Она вспоминала, как ощущалось в кровавом блеске веры крестное древо смирения. Даже невольницей она не чувствовала такого беспокойства за веру, как теперь, когда у нее было все, чего могут желать душа и тело. Она понимала, что потеряла сокровища, с которыми никакие земные богатства не сравнятся. Ей хотелось хотя бы для своего сына сохранить это сокровище, передать ему то, что она сама утратила.

Поначалу она смотрела на свой поступок как на нечто совершенно естественное, нечто такое, что предстояло ей передать, а сыну принять как наследие. Но через некоторое время в ее голове сверкнула мысль, что в этих покоях еще никогда не было крещеного наследника султана!
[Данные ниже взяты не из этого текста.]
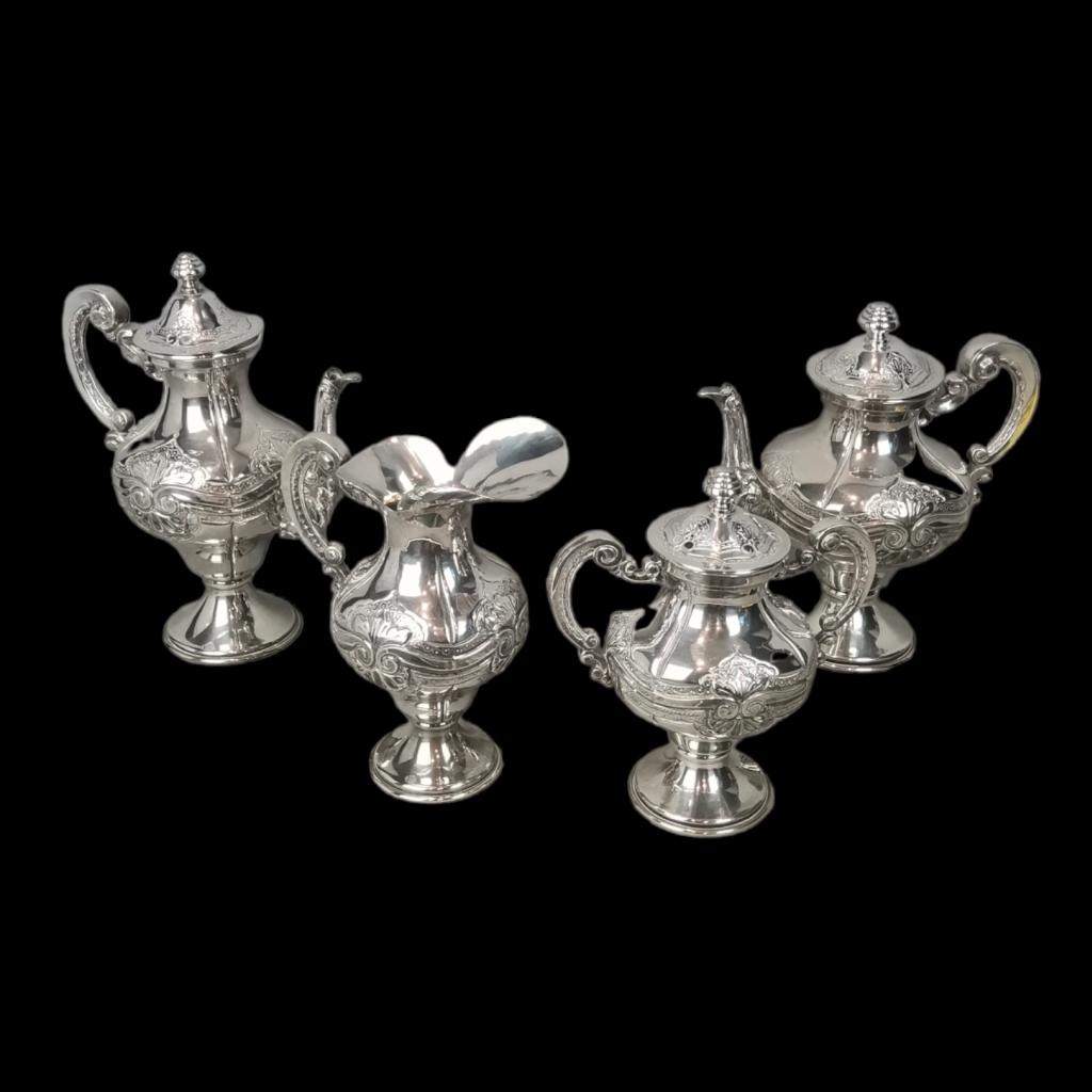 Email € 0 Bule, cafeteira, leiteira e açucareiro. Casquinha com decoração relevada com concheados.Alt (cafeteira): 27,5 cm. € 190 € 0 Solicitar informação adicional Voltar a: Leilão 392 - Antiguidades e Coleccionismo Bule, cafeteira, leiteira e açucareiro. Casquinha com decoração relevada com concheados.Alt (cafeteira): 27,5 cm. € 190 € 0

Страх перед мужем охватил ее. Сначала легкий, а после — тяжкий. Страх перед ним и враждебным окружением, в которое она попала. Но вместе с этим страхом в ней родилось странное чувство удовольствия, обаяние тайной ее сына, которая существовала лишь в ее мыслях. Теперь она уже не чувствовала себя одиноко в этих покоях, и не чувствовала бы одиночество, даже потеряй она мужа! У нее был ее сын.

Кроме инстинктивной привязанности к плоду своего лона, в ней проснулась также идеальная, мистическая любовь к ребенку, что обволакивала ее, как золотистый янтарь обволакивает бабочку.
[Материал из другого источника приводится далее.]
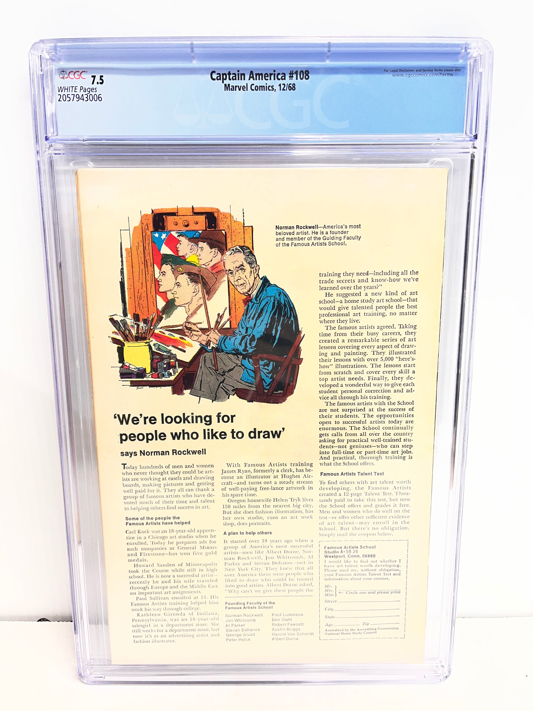 CGC Cert # 2057943006 Title Captain America Issue 108 Issue Date 12/68 Issue Year 1968 Publisher Marvel Comics Grade 7.5 Page Quality WHITE Grade Date 2019-08-05 Label Category Universal Art Comments Stan Lee story Jack Kirby and Syd Shores cover and art Key Comments Trapster appearance. Grader Notes light creasing to cover light bends to cover light spine stress lines to cover light staining to cover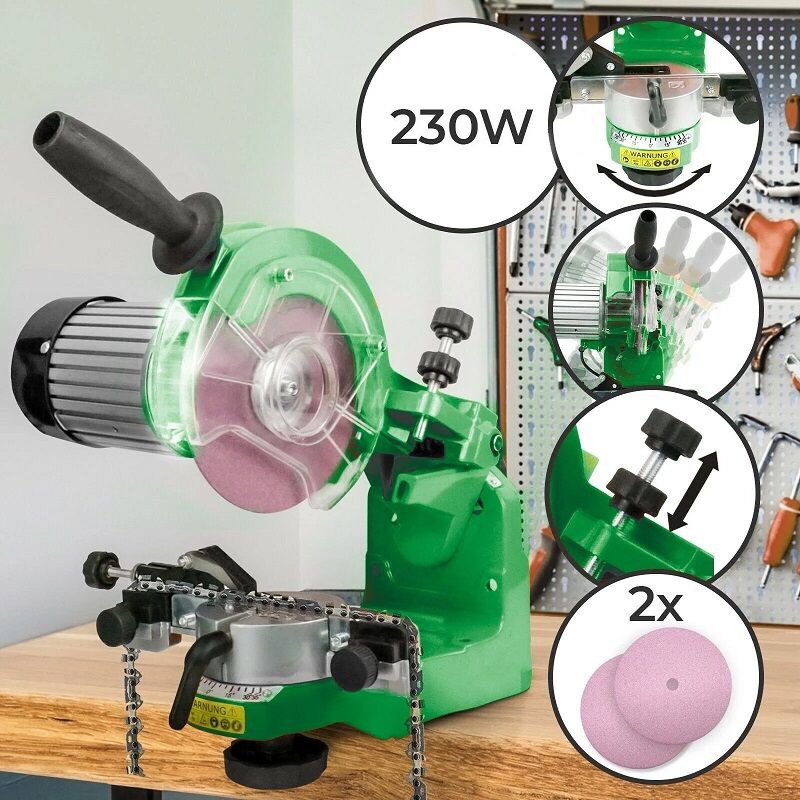 Fácil manejo: Tanto si es nuevo en este tipo de herramienta como si es un experto en la materia, este potente afilador de motosierras le permite afilar fácilmente la cadena en la espada en tan solo unos minutos.

В горячке она услышала, как в комнату вошел падишах, как тихо подошел к ее ложу, как присел около нее и что-то нежно говорил ей. Она держала его руку и что-то говорила ему. Говорила про сына и про то, что его святое обрезание должно стать большим праздником и что на нем должен присутствовать могущественный государь из ее краев…
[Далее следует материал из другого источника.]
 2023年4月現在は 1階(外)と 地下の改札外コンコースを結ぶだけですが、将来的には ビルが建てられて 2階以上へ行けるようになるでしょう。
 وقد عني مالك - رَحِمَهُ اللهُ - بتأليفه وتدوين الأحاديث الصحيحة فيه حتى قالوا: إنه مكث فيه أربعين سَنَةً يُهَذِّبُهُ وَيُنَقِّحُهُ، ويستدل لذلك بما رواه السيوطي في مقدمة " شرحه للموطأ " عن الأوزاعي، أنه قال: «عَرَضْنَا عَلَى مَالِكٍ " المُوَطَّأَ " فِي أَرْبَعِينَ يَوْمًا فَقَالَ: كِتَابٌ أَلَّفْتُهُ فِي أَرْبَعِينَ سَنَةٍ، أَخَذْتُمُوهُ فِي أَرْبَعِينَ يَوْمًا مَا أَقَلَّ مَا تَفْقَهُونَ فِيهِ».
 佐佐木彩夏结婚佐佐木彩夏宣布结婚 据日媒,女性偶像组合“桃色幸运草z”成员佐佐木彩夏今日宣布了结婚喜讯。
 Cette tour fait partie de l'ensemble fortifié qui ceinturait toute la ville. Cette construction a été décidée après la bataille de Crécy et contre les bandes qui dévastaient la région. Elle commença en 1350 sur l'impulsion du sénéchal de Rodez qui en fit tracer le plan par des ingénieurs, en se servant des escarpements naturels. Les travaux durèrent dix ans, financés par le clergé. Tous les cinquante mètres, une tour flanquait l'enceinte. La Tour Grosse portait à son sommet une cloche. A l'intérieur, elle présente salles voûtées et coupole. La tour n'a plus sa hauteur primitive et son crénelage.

Султан ласково улыбнулся и успокоил ее тем, что обещал позвать могущественнейшего из судей.

* * *

Сулейман сдержал слово.

Кроме обычных приглашений наместникам и вельможам, он также выслал приглашение венецианскому дожу Андреа Гритти. Турецкий посол, весь в золоте, в сопровождении двенадцати членов Большого Совета на заседании венецианского сената объявил о предстоящем торжестве в Стамбуле в честь святого обрезания и пригласил дожа присутствовать на нем в качестве гостя. Престарелый дож сослался на свой возраст и долгий путь, объясняя отказ, но приказал выслать чрезвычайное торжественное посольство во главе со свои старшим сыном.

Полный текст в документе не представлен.